It’s long been joked about that the UN has more interest in funding terrorism than eliminating it. Strongly worded Israel resolutions make up a bulk of the UN’s business, and a resolution calling suicide bombing a war crime never made it through the General Assembly. Never has the UN condemned the Palestinians without condeming “both sides,” yet Israel is a favorite target of condemnation, often without the caveat that things must be corrected on both sides.
The Security Council has members like Syria, and the Human Rights Commission was lead alternately by Iran and Libya.
Iran and Libya.
Note the complete lack of outrage in the pages of the New York Times and their elitist ilk?
Anyway, what is going on at the UN right now is even worse than the subtle non-condemnation of terrorist nations. It would appear that the UN is hiring Hamas members as humanitarian workers. This little tidbit arrived in my inbox this morning, and contains the following:
The head of the UN administration in the West Bank and Gaza admits Hamas members are on his payroll. Media outlets ignore it.
Peter Hansen, Commissioner-General of the UN agency in Gaza and the West Bank, made a startling admission in an interview with the Canadian Broadcasting Corporation on Monday (10/4):
I am sure that there are Hamas members on the UNRWA payroll and I don’t see that as a crime… we do not do political vetting and exclude people from one persuasion as against another.
Imagine that. Hamas, a group responsible for the murder of hundreds of innocent civilians and an avowed terrorist organization whose goal is to “push Israel into the sea” is just a “political persuasion.”
I hardly know how to react to this, but I find it hard to believe that the UN can even think to be taken seriously when it employs terrorists because, well, it’s just a different point of view. This kind of attitude from the UN is endemic of its biggest problem: That it incorrectly believes that all points of view are equal and must be heard, whether they come from democracies like France, Germany, or the US, dictatorships and theocracies like Iran and Cuba, or terrorist organizations like the PLO and Hamas.
A proper reaction to this news that there are Hamas members bankrolled with UN funding would have been to investigate and remove those people from the payroll immediately. Instead, we get a dodge covered in a dismissal.
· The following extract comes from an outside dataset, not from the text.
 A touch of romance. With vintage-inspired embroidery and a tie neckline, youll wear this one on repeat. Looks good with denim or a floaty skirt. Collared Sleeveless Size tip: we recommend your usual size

In an editorial in the Chicago Sun Times from October 25, 2004, we read the following:
Yes, it’s possible that among these members of Hamas there are individuals who have never killed anyone, abetted in killing or even endorsed it. But this is one case in which there is guilt by association: Hamas has massacred hundreds of men, women and children and wounded thousands, many in suicide attacks. This is the organization responsible for the atrocious mass murders on buses and in nightclubs and, infamously, at a Passover seder.
In hiring members of Hamas, the U.N. gives it a made-to-order cover for its bad deeds. There are numerous documented cases in recent years of Palestinian terrorists working for the UNRWA or using its facilities and vehicles to carry out attacks.
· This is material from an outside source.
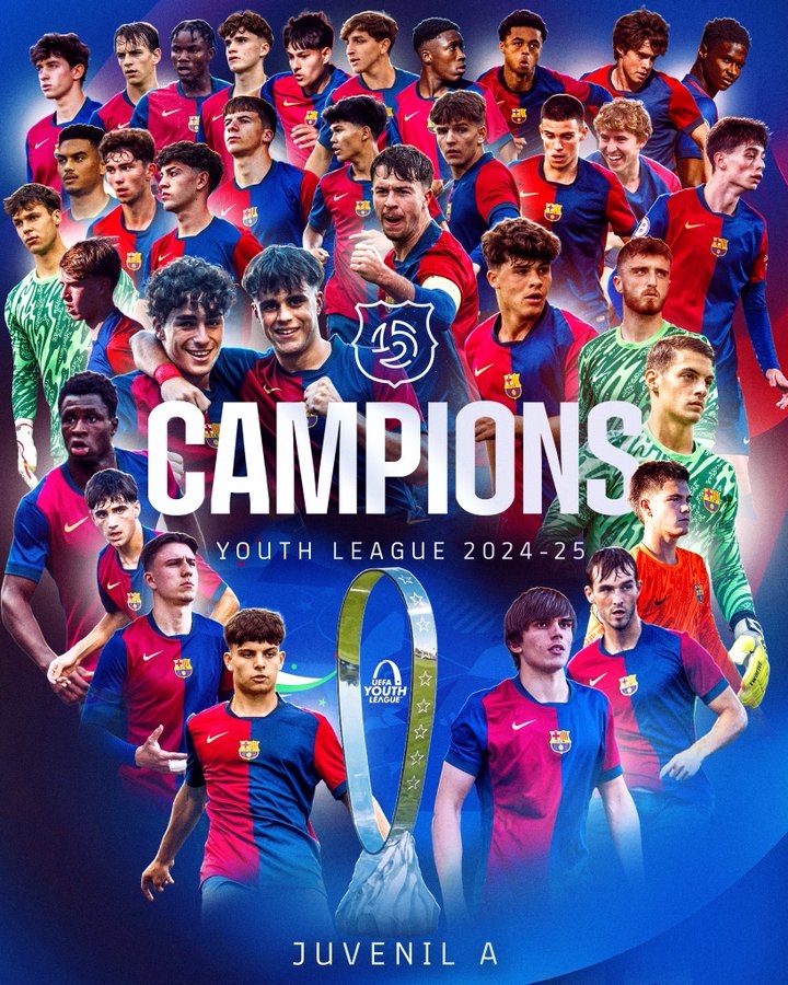 บาร์เซโลน่าชุดยู-19 ปี ภายใต้การกุมบังเหียนของ ชูเลียโน่ เบลเล็ตติ ผงาดคว้าแชมป์ยูฟ่า ยูธ ลีก ซีซั่น 2024-2025 หลังการยิงสลุต แทร็บซอนสปอร์ 4-1 ในนัดชิงชนะเลิศที่เมืองนียงส์ ประเทศสวิตเซอร์แลนด์ เมื่อวันจันทร์ ตามรายงานจาก 'เดียรีโอ สปอร์ต'

The UN would be wise to heed this warning if it ever wants to repair its tarnished reputation. Between the Oil for Food program scandal, the genocide in Darfur, and their inaction in Rwanda, the UN is teetering on the brink of being irrelevant. Hiring terrorists for humanitarian purposes and not even caring about it because a terrorist organization is just a “political persuasion” is irresponsible and dangerous and is not the hallmark of an organization whose purpose is to defend human rights, world freedom, and international security.